De predikantsopleiding

dr. A.A.A. Prosman
Door: dr. A.A.A. Prosman
22-09-2022

De predikantenopleiding van onze kerk ligt buiten het vizier van kerkenraden en gemeenteleden. De opleiding leeft niet en dat is jammer. Dankzij het faculteitsblad PThUnie weten we een klein beetje wat er gaande is en dankzij het feit dat er bijzonder hoogleraren zijn, aangesteld door de Gereformeerde Bond of de Confessionele Vereniging, krijgt de opleiding toch nog een gezicht. Maar over de opleiding zelf en de identiteit van de opleiding weten we nagenoeg niets.

Trouw

Daarom las ik met aandacht het interview dat Trouw (29 augustus) had met de rector van de opleiding, prof. dr. P.M. Wisse. Maarten Wisse is nog maar een jaar rector van de predikantenopleiding van de Protestantse Kerk in Nederland, maar één wapenfeit, zo meldt Trouw ons, heeft hij in elk geval al op zijn naam staan. Hij heeft voor een prominente leerstoel bewust gezocht naar een nieuwe hoogleraar van behoudende snit. De rector heeft die gevonden, en wel in een ánder kerkgenootschap, aan de rechterflank van het spectrum.

‘Wij vinden dat niet gek. Ik moet toegeven dat het wel een beetje gek is. Maar niet zó gek dat het niet kon’, zegt Wisse (49), rector van de Protestantse Theologische Universiteit, in de aanloop naar de opening van het academisch jaar, morgen in Utrecht.

De benoeming, vlak voor de zomer, van Arnold Huijgen tot hoogleraar in de dogmatiek (zeg maar: leer van de kerk), is in de woorden van Wisse ‘opmerkelijk en met opzet’. Opmerkelijk vanwege Huijgens achtergrond: hij was hoogleraar bij de domineesopleiding van de Christelijke Gereformeerde Kerken, een orthodox kerkgenootschap, dat bijvoorbeeld tegen vrouwen is op de kansel en in het kerkbestuur.

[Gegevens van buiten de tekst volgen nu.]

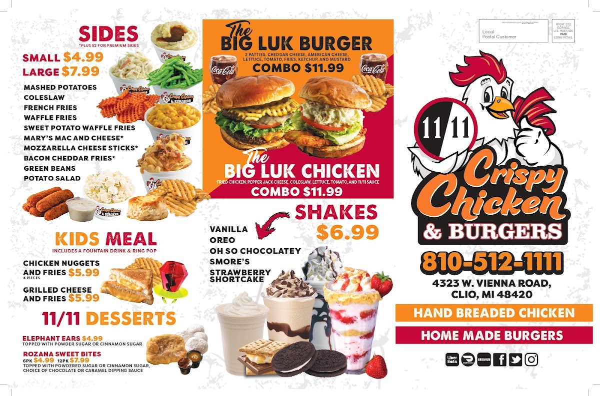 Introducing the menu at 11/11 Crispy Chicken & Burgers - Waterford is a culinary delight that promises a burst of flavors with every bite. Located at 7660 Highland Rd, Waterford Township, MI, this eatery specializes in crispy fried chicken that is hailed by customers for its remarkable taste and texture. The menu features an impressive variety of offerings, from succulent chicken tacos and hearty Big Luk Burgers to an exceptional homemade chicken pot pie that has garnered rave reviews.
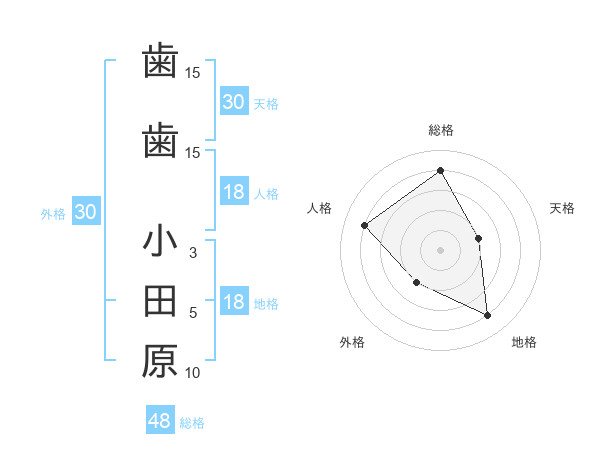 歯歯 小田原さんの天格は30画の2点!
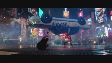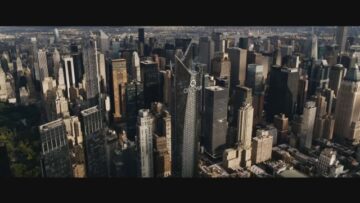 動揺するピーターだったが、その時 背後に嫌な雰囲気を感じ、タイムズスクエアの方を見つめる。

Huijgen blijft christelijk gereformeerd. Het gaat Wisse te ver hem te dwingen tot een overstap naar de PKN: ‘Je gaat niet zomaar een deur verder.’

En de benoeming was dus met opzet. Wisse, die eerder zelf hoogleraar dogmatiek was, vond de samenstelling van de staf van de PThU ‘eenzijdig’. De PKN is een kerk met verschillende stromingen, van zeer progressief tot zeer conservatief. Van die orthodoxe vleugel zag Wisse te weinig terug bij de docenten. En dat is een probleem, vindt hij, daar een aanzienlijk deel van de studenten – precieze getallen zijn er niet – in de behoudende hoek zit.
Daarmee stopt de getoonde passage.